2. The parallel computing method of claim 1, wherein the step of performing data splitting on the data to be processed according to a splitting policy to obtain a plurality of data slices comprises: performing data splitting according to the first splitting strategy to obtain a plurality of initial slices, and then adjusting the plurality of initial slices according to the second splitting strategy to obtain the plurality of data slices.

3. The parallel computing method of claim 2, wherein the step of adjusting the plurality of initial slices according to the second splitting policy is performed by repartitioning the plurality of initial slices.

4. The parallel computing method of claim 1, wherein the splitting policy further comprises: a third splitting policy that performs splitting according to resource scheduling information, wherein the resource scheduling information includes at least one of a desired total run length of the computation and a computing resource desired for performing the computation.

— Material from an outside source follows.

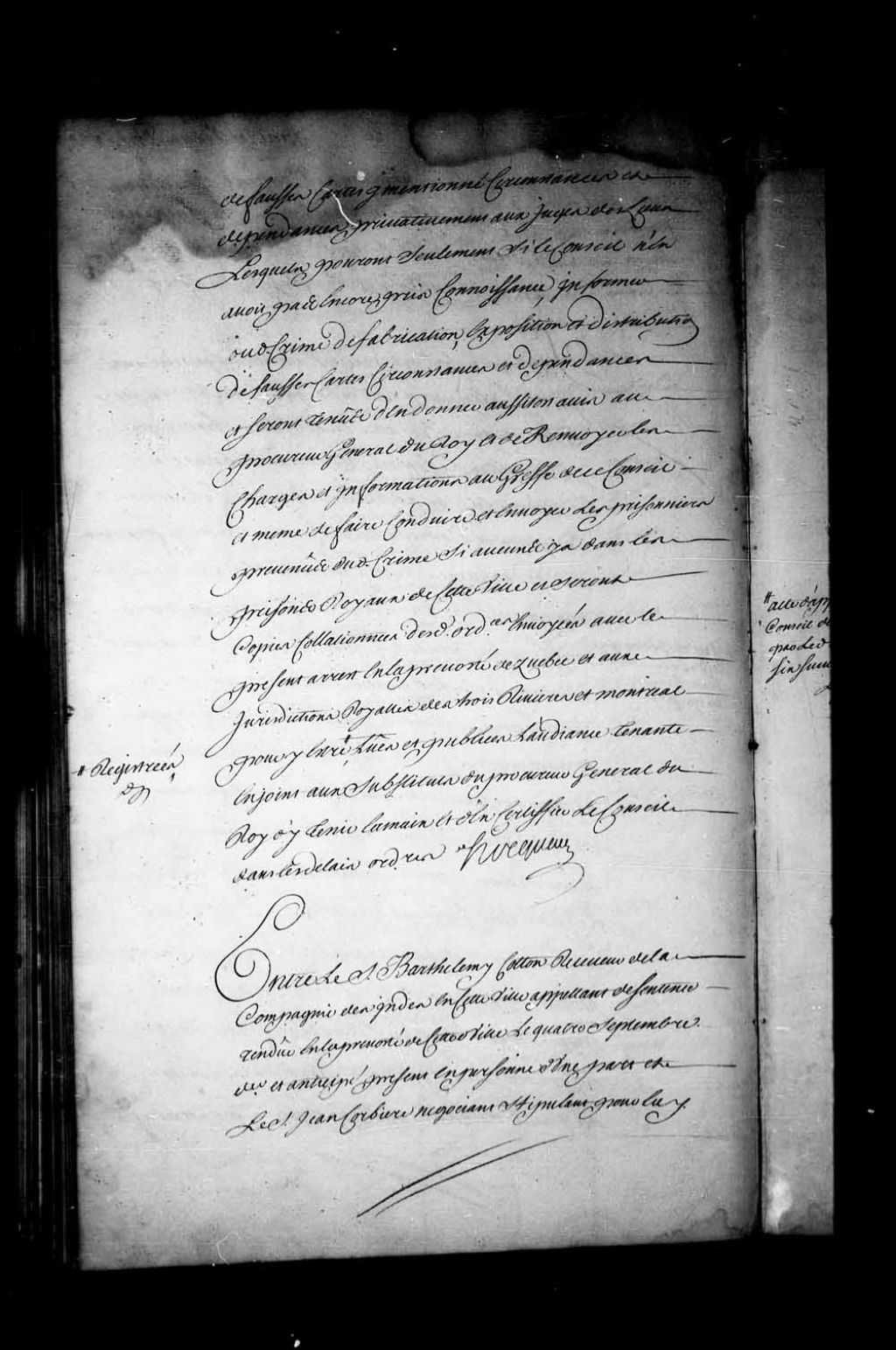 Appel mis à néant dans la cause entre Barthélemy Cotton, receveur de la Compagnie des Indes à Québec, (appelant de la sentence rendue en la Prévôté du 4 septembre dernier) contre Jean Corbière, négociant, stipulant pour lui le sieur Pierre Solomiac, 1 octobre 1736, Archives nationales à Québec, Fonds Conseil souverain, (03Q,TP1,S28,P18389).

5. The parallel computing method of claim 4, wherein the step of performing data splitting according to a splitting policy to obtain a plurality of data slices comprises: performing data splitting according to the first splitting strategy and/or the second splitting strategy to obtain a plurality of initial slices, and then adjusting the plurality of initial slices according to the third splitting strategy to obtain the plurality of data slices.

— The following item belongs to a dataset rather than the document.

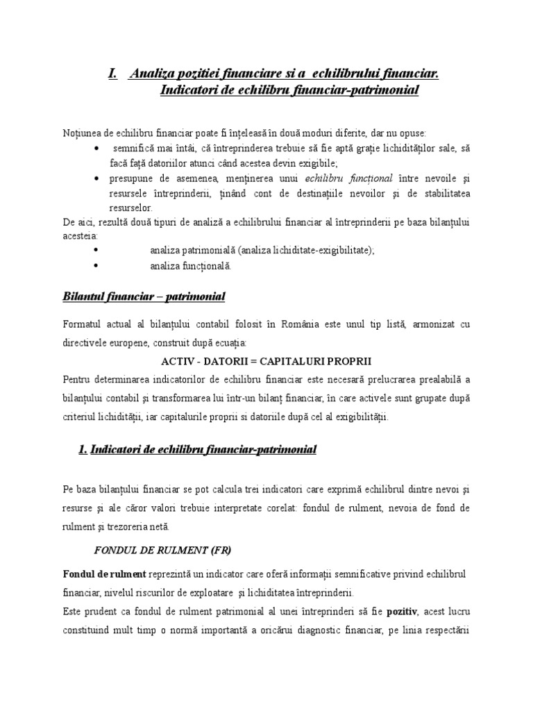 Echilibrul Financiar Fondul De Rulment Si Ratele Re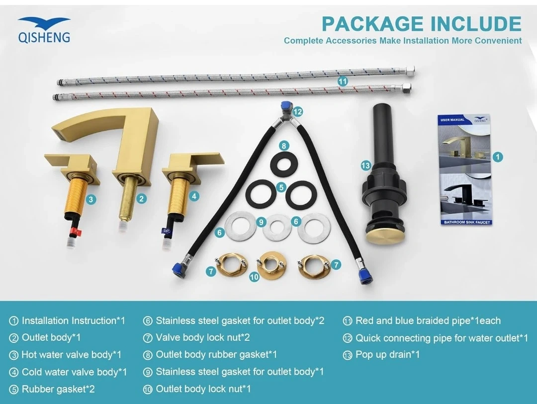 Qisheng Matte Gold Bathroom Faucet with Pop Up Drain

6. The parallel computing method of claim 4 or 5, wherein the step of executing the third split policy comprises:

acquiring the resource scheduling information;

acquiring an operation resource index and a secondary splitting index, wherein the operation resource index is used for representing the usage amount of the computing resource, and the secondary splitting index is used for representing the time cost consumed in executing adjustment;

and executing splitting based on the running resource index and the secondary splitting index according to resource scheduling information.

7. The parallel computing method of claim 6, wherein the computing resources comprise a first computing unit that is performing the computation and a second computing unit that is not performing the computation, the first computing unit comprising the plurality of computing units,

the step of performing splitting based on the running resource index and the secondary splitting index according to resource scheduling information includes:

acquiring a calculation unit to be allocated in the second calculation unit based on the operation resource index;

estimating estimated calculation time length according to the data to be processed or the plurality of initial slices, the first calculation unit and the calculation unit to be allocated;

estimating a total run length change based at least on the estimated calculated length and the secondary split indicator; and is also provided with

And executing splitting according to the resource scheduling information based on the total operation time length change.

8. A parallel computing device of distributed data, the device comprising:

a data splitting unit configured to perform data splitting on the data to be processed according to a splitting policy to obtain a plurality of data slices;

a plurality of calculation units configured to perform calculations based on the assigned data slices to obtain slice calculation results; and

an aggregation unit configured to aggregate the slice calculation results,

wherein the first splitting policy is to perform splitting based on the number of data partitions to be allocated per computing unit,

wherein the second split policy is to perform splitting based on the number of data lines each computing unit is to allocate or the total number of the plurality of computing units.

9. A system comprising at least one computing device and at least one storage device storing instructions that, when executed by the at least one computing device, cause the at least one computing device to perform a method of parallel computing of distributed data as claimed in any one of claims 1 to 7.

10. A computer readable storage medium storing instructions which, when executed by at least one computing device, cause the at least one computing device to perform the method of parallel computing of distributed data as claimed in any one of claims 1 to 7.